AMAT, Núria [BARCELONE 1950]
Écrivaine espagnole.
Très tôt orpheline de mère, Núria Amat se réfugie dans la lecture et l’écriture ; la bibliothèque paternelle prend un rôle irremplaçable. Après des études de lettres, elle obtient un doctorat en sciences de l’information et enseigne à l’université de Barcelone, avant de se vouer exclusivement à l’écriture. Elle séjourne en Amérique et en Europe, où elle côtoie Samuel Beckett à Berlin, et correspond avec nombre d’écrivains, dont George Steiner. Elle s’intéresse surtout à la poésie et emprunte, même dans le roman, une tournure poétique. Née en Catalogne et partisane du bilinguisme, elle choisit le castillan comme langue d’expression littéraire, mais le monde qu’elle décrit est le monde catalan, dont elle contribue à la diffusion de la culture. Elle accepte le qualificatif d’« écrivaine invisible », se disant proche de Charlotte Brontë*, pour qui une vie mondaine était incompatible avec l’écriture. Ses conférences sur les livres, les bibliothèques et les bibliothécaires font partie de sa créativité. El país del alma (« le pays de l’âme »), publié en 1999, reçoit l’éloge d’écrivains de renom. À l’occasion de la sortie de la traduction en roumain de Reina de América (« reine d’Amérique », 2002), présentée par l’Institut Cervantes et le ministère de la Culture espagnol à Bucarest, elle prononce une conférence au titre emblématique, Mil palabras valen más que una imagen (« mille mots valent plus qu’une image »). Elle publie encore Poemas impuros (« poèmes impurs », 2008), qui rappellent Alejandra Pizarnik* et Emily Dickinson*, puis se consacre aux figures féminines dans El siglo de las mujeres (« le siècle des femmes », 2008).
Concepció CANUT
■ Nous sommes tous Kafka (Todos somos Kafka, 2004), Paris, Allia, 2008 ; Feux d’été (Amor i guerra), Paris, R. Laffont, 2011.

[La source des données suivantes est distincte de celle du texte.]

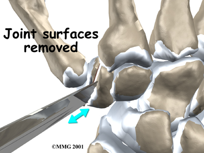 In this procedure, an incision is made across the base of the thumb. The soft tissues are spread apart with a retractor. Special care is taken not to damage the nearby nerves going to the thumb. The joint capsule is opened, exposing the CMC joint. The ends of the bones that form the CMC joint surfaces are taken off, forming flat surfaces.
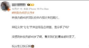 林俊杰晒合照庆祝45岁生日!小21岁网红女友七七未出现七七不在林俊杰庆生合照
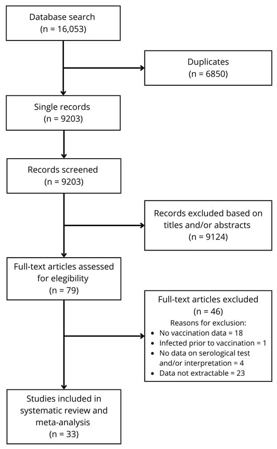 The search identified 16,053 articles, of which 6850 were duplicates, resulting in 9203 unique records. After reviewing the titles and abstracts for compliance with the inclusion and exclusion criteria, 79 full-text articles were assessed for eligibility (Figure 1). Of these, 33 were included in the systematic review and meta-analysis, while 44 were excluded after checking the inclusion/exclusion criteria. One of the articles was included both in the effectiveness and sero-immunity evaluation.

■ ALCAINA A., « Entrevista con Núria Amat », in The Barcelona Review, no 12, 1999 ; COLLECTIF, « Nuria Amat se siente una “escritora invisible” por considerar que no está “englobada” en la denominada literatura femenina », in Notas de Prensa, Santander, Université internationale Menéndez y Pelayo, 2008 ; GARCÍA BONILLA R., « Núria Amat : algunos retratos de Juan Pérez Vizcaino », in Espectàculo, Revista de Estudios Literarios, no 28, Madrid, Université Complutense, 2004.